Home loan calculators come in different types. A home loan payment calculator will figure out what your monthly payments will be for a home of a certain price at a given interest rate. A home loan eligibility calculator goes at it a different way – it starts with how much you can afford to pay each month and works out how much you can afford to pay.
Many mortgage calculators will also take into account the cost of homeowner's insurance, property taxes and private or FHA mortgage insurance (if needed), all of which are usually billed as part of the monthly mortgage statement. These are considered to be part of your mortgage payment when it comes to qualifying for the loan; that is, they count toward the 29 percent of your monthly gross income your mortgage payments should not exceed.
See the right-hand column of this page for a variety of home loan and other financial calculators.
Home loan lenders
When you know how much you want to borrow, it's time to start shopping around for a home loan lender. Lenders can vary quite a bit in the mortgage rates they offer and fees they charge, so it's important to shop around. Don't just automatically go to your regular bank – you want to look around and see what other lenders are charging so you have a good sense of what the market is charging.
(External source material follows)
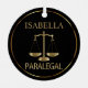 Ornament ready for you to personalize. Featuring a Black and Gold design with the scale of justice symbol and the words "Paralegal" in a gold font placed across the bottom ready for you to personalize. Makes a great gift for any paralegal. 📌If you need further customization, please click the "Click to Customize further" or "Customize or Edit Design"button and use our design tool to resize, rotate, change text colour, add text and so much more.⭐This Product is 100% Customizable. Graphics and / or text can be added, deleted, moved, resized, changed around, rotated, etc... 99% of my designs in my store are done in layers. This makes it easy for you to resize and move the graphics and text around so that it will fit each product perfectly. 📌 (Please be sure to resize, change, add, delete or move any graphics or text if needed before ordering) You can also "TRANSFER DESIGN" on other Zazzle products and adjust the design to fit most of Zazzle items. (click on the transfer area below) Some of the text graphics have ready to fill in the box(es) or you can Click on the "CUSTOMIZE" button to add, move, delete, resize, background colour or change any of the font or graphics. The design is made with high resolution vector and/or digital graphics for a professional print. 📌NOTE: (THIS IS A PRINT. All Zazzle product designs are "prints" unless otherwise stated under "About This Product" area) The design will be printed EXACTLY like you see it on the screen and on the product...so please make sure when you do your changes on the resizing of any of the graphics or text that it fits in the areas correctly and that your spelling and wording is how you like it to be in size, colour and font. If you have any questions about the "DESIGN ONLY" or need help please contact me through my store link: https://www.zazzle.com/store/LetsUDesignIt (Copy and Paste) I'll be happy to help. ⭐ ALL OTHER QUESTIONS SUCH AS (shipping, refund, the printing being incorrect, the product itself, etc...) please contact Zazzle or the Maker ⭐DIRECTLY⭐. Thank you for the support and stopping by my store - LetsUDesignIt. ⭐⭐⭐ ZAZZLE promises 100% satisfaction. If you don't absolutely love it, Zazzle will take it back! ⭐⭐⭐ 1-888-8ZAZZLE (1-888-892-9953) Phone hours: Mon - Fri: 9AM - 5PM PT (12PM - 8PM ET)

Different lenders offer different types of home loan programs, or products. Some may be a better fit for certain types of customers than others. One may offer home loan options that are better for borrowers with weak or bad credit, another may have loan products that are more attractive for borrowers putting up a small down payment, others may have home loan options that are better for high-income borrowers, etc.
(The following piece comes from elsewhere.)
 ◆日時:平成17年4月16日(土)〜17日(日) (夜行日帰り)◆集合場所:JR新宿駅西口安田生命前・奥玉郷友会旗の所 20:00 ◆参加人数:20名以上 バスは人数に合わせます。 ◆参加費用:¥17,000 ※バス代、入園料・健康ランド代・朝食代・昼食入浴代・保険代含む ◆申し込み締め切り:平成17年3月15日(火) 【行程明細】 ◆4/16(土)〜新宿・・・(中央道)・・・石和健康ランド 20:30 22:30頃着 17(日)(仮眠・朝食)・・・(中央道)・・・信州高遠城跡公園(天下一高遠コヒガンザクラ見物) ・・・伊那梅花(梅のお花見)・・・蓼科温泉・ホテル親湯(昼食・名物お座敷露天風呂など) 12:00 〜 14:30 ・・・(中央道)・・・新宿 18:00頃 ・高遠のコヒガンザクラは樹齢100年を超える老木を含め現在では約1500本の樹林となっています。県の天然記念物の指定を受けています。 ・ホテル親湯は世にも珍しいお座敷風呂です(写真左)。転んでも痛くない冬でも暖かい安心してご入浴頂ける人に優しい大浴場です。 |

Check with several different types of home loan lenders. Check the rates of large national banks and small local banks and non-bank lenders as well. Don't overlook credit unions. Home loan rates today are generally listed online by lenders, which makes it easy to shop around.
It's also good to check with one or two home loan brokers. Brokers act as intermediaries for a number of lenders whose products they represent. As a result, they can match a client to a lender that is the best fit for them. Home loan brokers can be particularly helpful for borrowers with poor credit, income documentation issues or other special situations where the broker's knowledge of the mortgage market can be helpful.
Home loan refinance
So far, we've just talked about using a home loan to buy a property. But home loan refinancing is largely the same.
The big difference with refinancing a home loan is that you don't need to go through the various parts associated with actually buying the home. So you don't need to get preapproved, you don't need a real estate agent and you don't go through the parts of actually transferring ownership.
When refinancing, the big question is whether you'll save enough to make it worthwhile. A home loan refinance calculator can help you estimate your current vs. projected payments, interest savings over the life of the loan and other financial details specific to refinancing. See the calculators at the top of the column at right.
You may want to get preapproved by several lenders, just to get a firm idea of what sort of rate and terms they'll offer you, and choose the best one. You don't need to get prequalified, because you don't need a letter to show to sellers that you can get a home loan.
You also have more flexibility on the timing when you refinance a home loan compared to a purchase mortgage, because you're not tied to a particular closing date. You can apply for a refinance when you wish and take your time committing to a lender.
Home loan refinance rates are typically the same as they are for a purchase loan, given a similar borrower profile. Refinance rates were a bit higher a few years ago when demand was high and lenders were having trouble keeping up, but that's a fairly unusual situation.
When refinancing a home loan, your home equity plays the same role the down payment did in a home purchase. If you have less than 20 percent home equity, you may have to pay a higher interest rate and will need to pay for private mortgage insurance.